Ferguson Grand Jury Decision: Officer Darren Wilson Not Indicted
Ferguson Grand Jury Decision: Officer Darren Wilson Not Indicted

The St. Louis County prosecutor announced in a press conference Monday evening that Ferguson police officer Darren Wilson won’t face charges in the fatal shooting of 18-year-old Michael Brown. Prosecutor Bob McCulloch began his statement stating that Michael Brown’s family were the ones who suffered having lost a loved one to violence.

He explained how this Grand Jury was selected in May of 2014, long before the shooting. McCulloch went on to say the 24 hour news cycle and the media and public’s insatiable appetite for details lead to great frustration and inaccurate accounts of the incident being repeated.

McCulloch went on to make it very clear that some eye-witness testimonies are extremely conflicting with each other, and with the physical evidence. Grand Jury members listened to 60 witnesses testifying for over 70 hours, along with 3 medical examiners and hundreds of photographs from the crime scene. “The duty of a Grand Jury is to separate fact from fiction”.

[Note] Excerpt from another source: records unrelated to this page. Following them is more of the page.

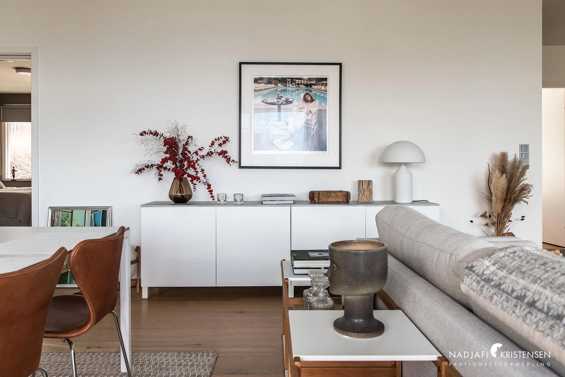 Genomgående vitlaserad ekparkett och rena linjer skapar en tidlös och lugn atmosfär, där varje detalj är noggrant utvald för att ge ett bekymmersfritt och exklusivt boende.
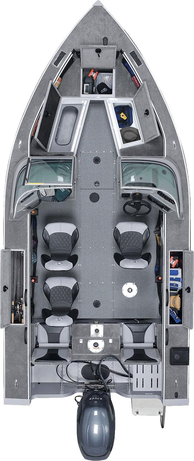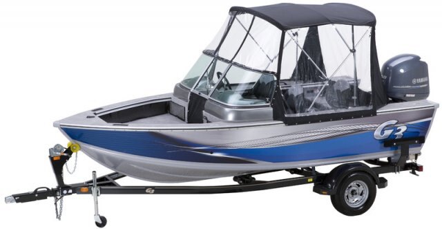 Riveted three-piece, .100 gauge hull with GX2 double-plated bow and bottom ♦ Painted urethane high-glosscolorwithcustomgraphics ♦ Bear® powder-coated 4" tubular steel Trail Guard® trailer with locking detachable tongue, space saving and security system ♦ 14” radial tires with heavy-dutysteppadplasticfenders ♦ Standard with brakes and LED lighting
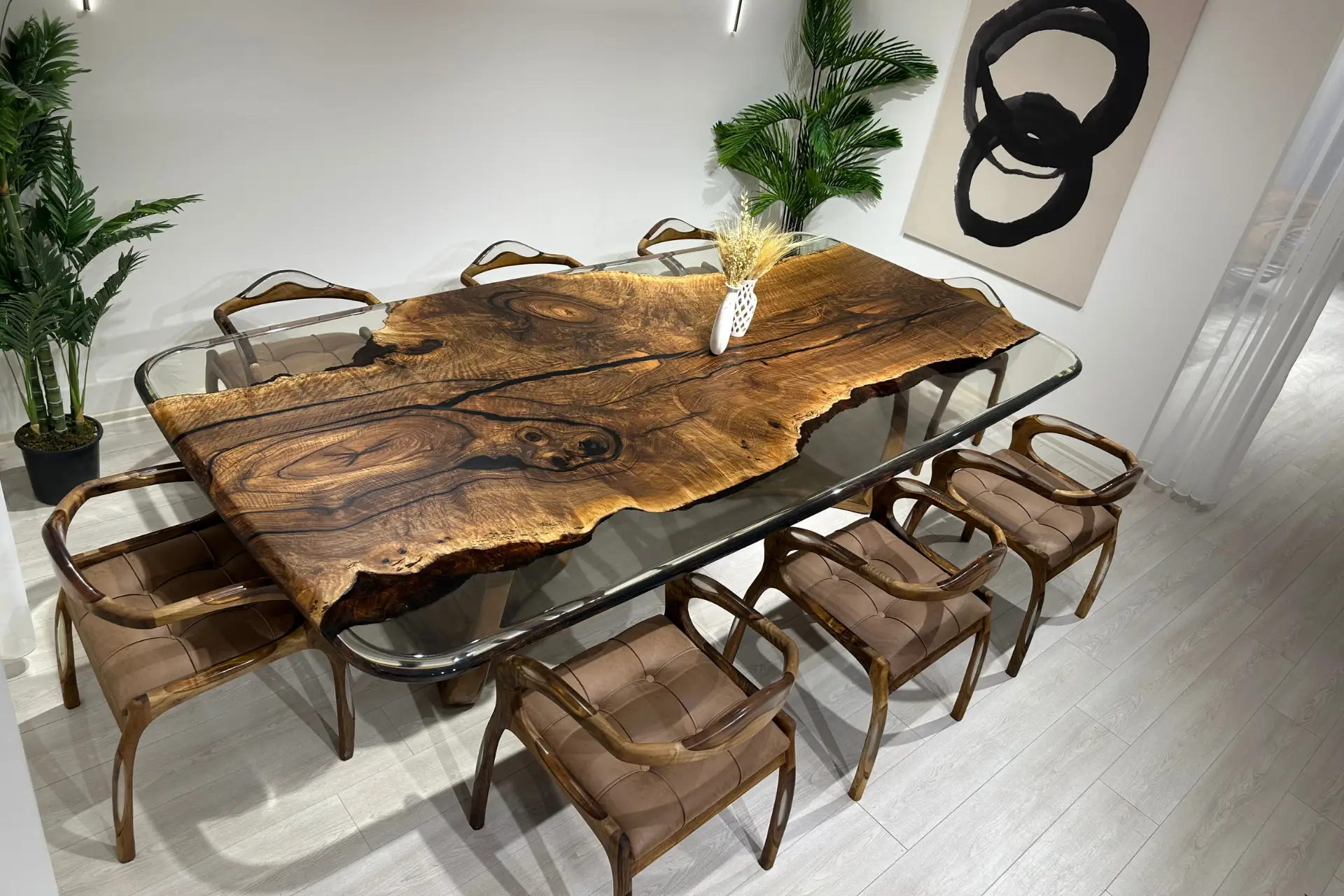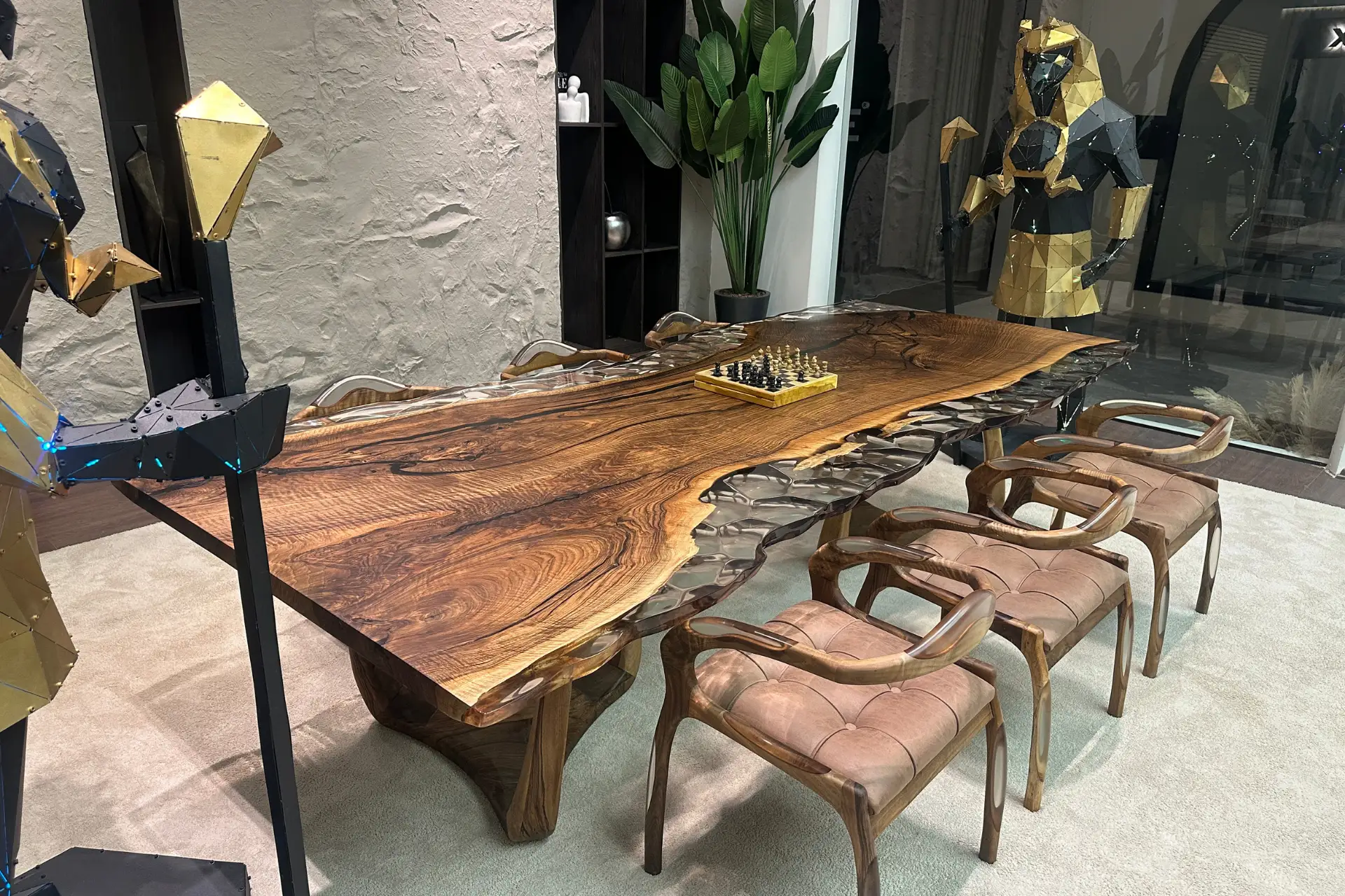 Gangza Home specializes in handmade epoxy tables, coffee tables, and custom wood furniture crafted mainly from walnut and olive wood. They combine natural materials with modern design to create unique pieces.

The Saint Louis County Prosecuting Attorney then gave a detailed account of August 9th. Officer Darren Wilson was responding to a crime in progress and was given a brief description of the suspect. Black male, red hat, yellow socks and white shirt.

The decision came 108 days or more than three months after the Aug. 9 shooting of Michael Brown, and is already causing large scale protests in Ferguson as well as across the country. From New York’s Union Square, to Chicago’s Police Department and Los Angeles to name a few.

On the evening of Thursday November 20th five protesters were arrested in front of the Ferguson police station after several dozen protesters blocked traffic lanes.

Michael Brown’s father released a video urging for calm and 4 and-a-half minutes of silence no matter what decision the grand jury makes.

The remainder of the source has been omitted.